I have approached editing three drastically different ways for the last three completed drafts. With The Aldersgate, I rewrote everything. I think I saved just over 3K of the original 100K book, and ended up somewhere around 150K (which is still too long). With Pilgrim of the Sky I did a direct edit, three times through; didn’t re-write, so much as restructured. This worked well, but burned me out, and literally left textual imprints on my retinas.

Then came Queen of None. I wrote this book in about five weeks, just after my sister’s cancer diagnoses. Read: therapy. After finishing the edits on Pilgrim I went right to it, and was disappointed by pretty much the entire book, or at least the chapters I’d managed to get through.

  • Mistake #1 – I should have re-read the entire thing, without editing (and trying not to think about editing) before I went about the deed. It would have given me access to the better parts of the book, and I would have been a better judge of the story overall, rather than each chapter in succession. Because parts of it are not good, or even worth keeping, and that completely overwhelmed me.
  • Mistake #2 – I should have thought harder about my narrative perspective. Hands down, Queen of None was the easiest book I’ve ever written. Hell, after the 8 POVs in The Aldersgate it was a cakewalk. But the awesome thing about multi-POV is that when you get tired of one voice, you just move right along. Not so with first-person. I have found myself loathing, admiring, despising, and loving Anna Pendragon. I chose first person because I wanted it to be her story. She’s Arthur’s sister, for goodness sakes, she deserves to tell it her way! I’m just not sure I knew what I was getting into at the time.
  • Mistake #3 – I also let so-called edited chapters out before I should have, sharing with some other writers. While this is a good thing–sharing, yes!–I was a little too enthusiastic, and rather than ask myself the harder questions and really shake up my edits, I ended up being overwhelmed by the feedback.
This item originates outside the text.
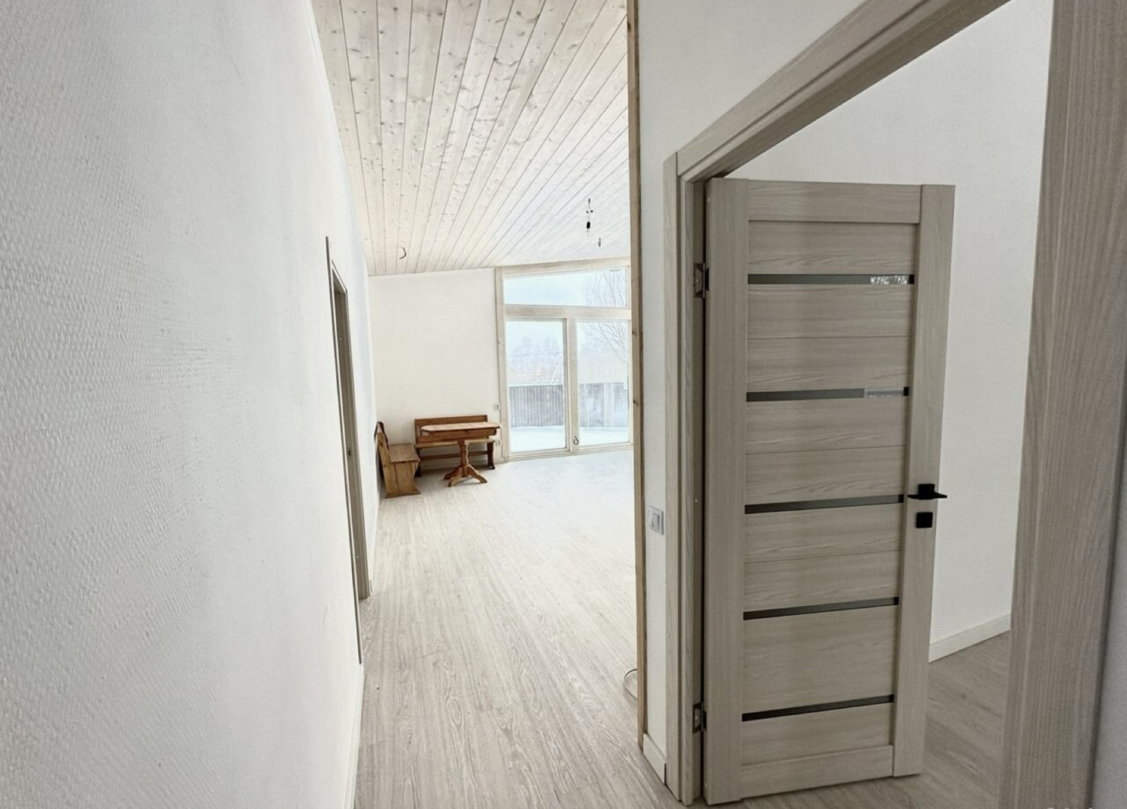 Отличная планировка: коридор, 2 спальни из одной из них выход на террасу, раздельный санузел, который будет полностью оборудован и большая кухня-гостиная с панорамными окнами.

Not that it was all bad; it was simply a bad move considering the shoddy framework that I’d already built around me.
  • Mistake #4 – I just let myself get the better of… uh, myself. Instead of rising to the challenge, I grumbled, I buckled, I put it away. I did not champion on, I did not do better; no, I folded. Now I’m standing in front of Queen of None again. It’s been up and down the last few days, but I’m still making slow progress.
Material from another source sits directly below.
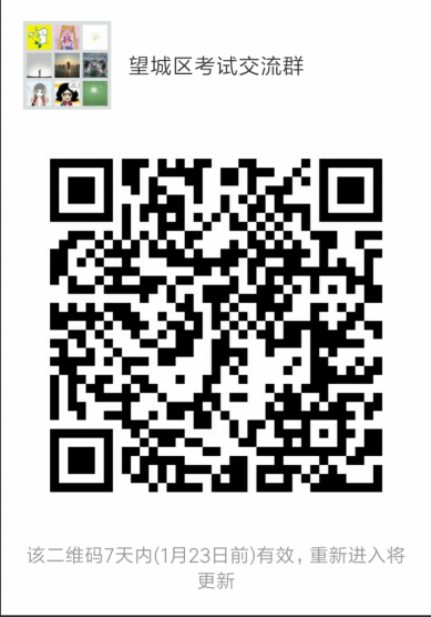 推荐:寻找考试小伙伴;扫二维码加入微信群(本群是为了方便考生及时获取《2018湖南长沙市望城区公开招聘初级政府雇员41人(第一批次)公告》、《2017湖南长沙市望城区公开招聘事业单位17人公告》、《 2018湖南现代物流职业技术学院招聘40名公告 》考试资讯及考生之间相互沟通)

  • Mistake #5 – You know when people say to work on something else if one particular work is giving you issues? Well, that’s well and good, unless you end up with seven unfinished short stories and three unfinished novels in various states of disrepair. There’s a point of utter saturation, where, in my case anyway, the brain is no longer capable of focusing on one thing and, therefore, giving it the attention it deserves. It’s a kind of mental multi-personality disorder, from a textual perspective anyway.
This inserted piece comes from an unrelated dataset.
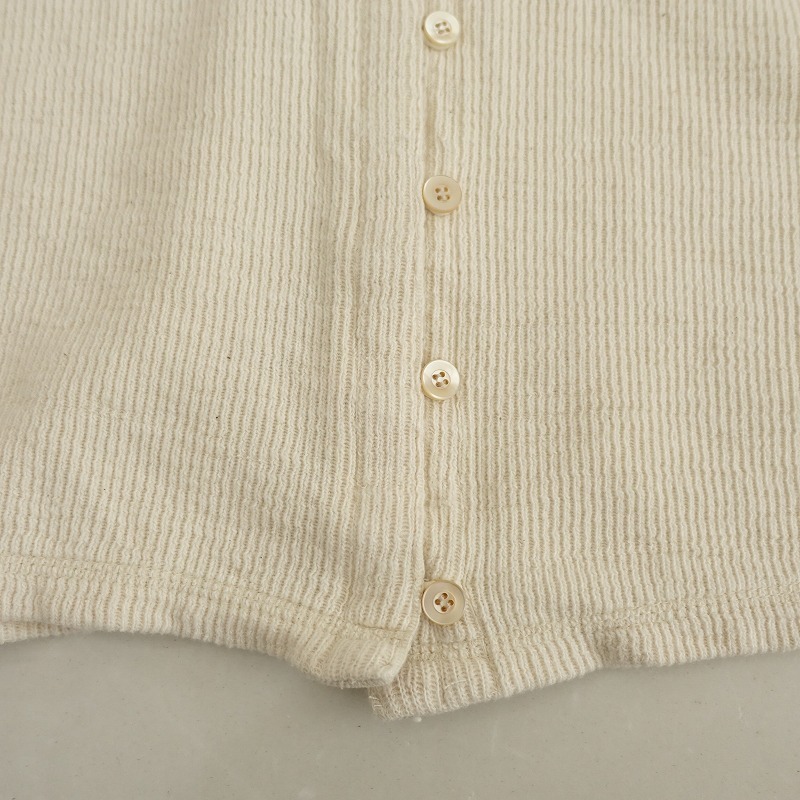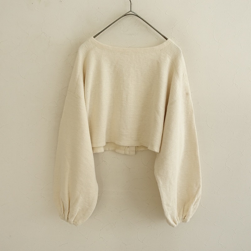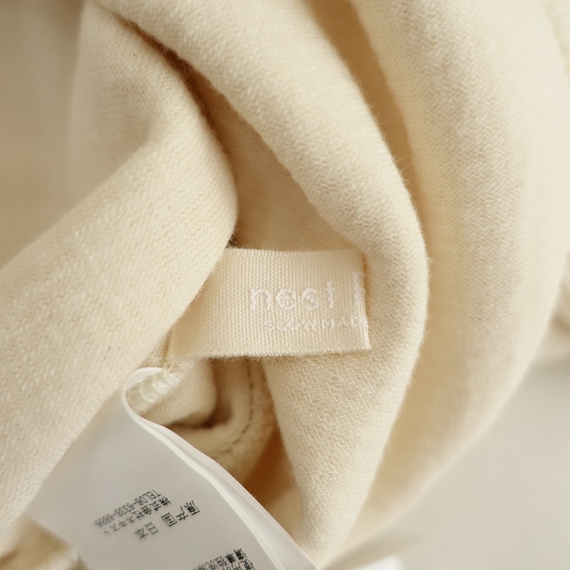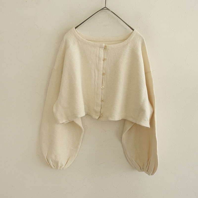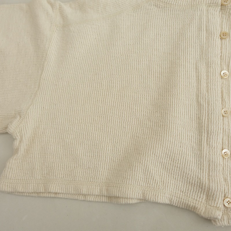 | 2023年コレクション nest Robeのコットンクォーターゲージショートカーディガンです。カラーは生成り(ブランド表記カラーはオフホワイト)で、コットンニット地です。ショート丈の前後2WAYデザインで、ループボタンで着脱でき、袖口ゴム入りです。定価(メーカー希望小売価格)15,400円の商品です。 |

So… forging on. I’m going to make a list (haha, this is not my typical approach) and rate my projects in order, and spend some time really considering a) marketability b) reality and c) creative attachment. I’ve got to work on something I love, and it’s got to be worth my time. Maybe that sounds a little uninspired, but clearly my free-as-a-bird approach isn’t working. I need a little drill sergeant in my life.

I’ve been writing novel-length stuff since I was twelve, and I’ve got to say, I still feel like a total n00b.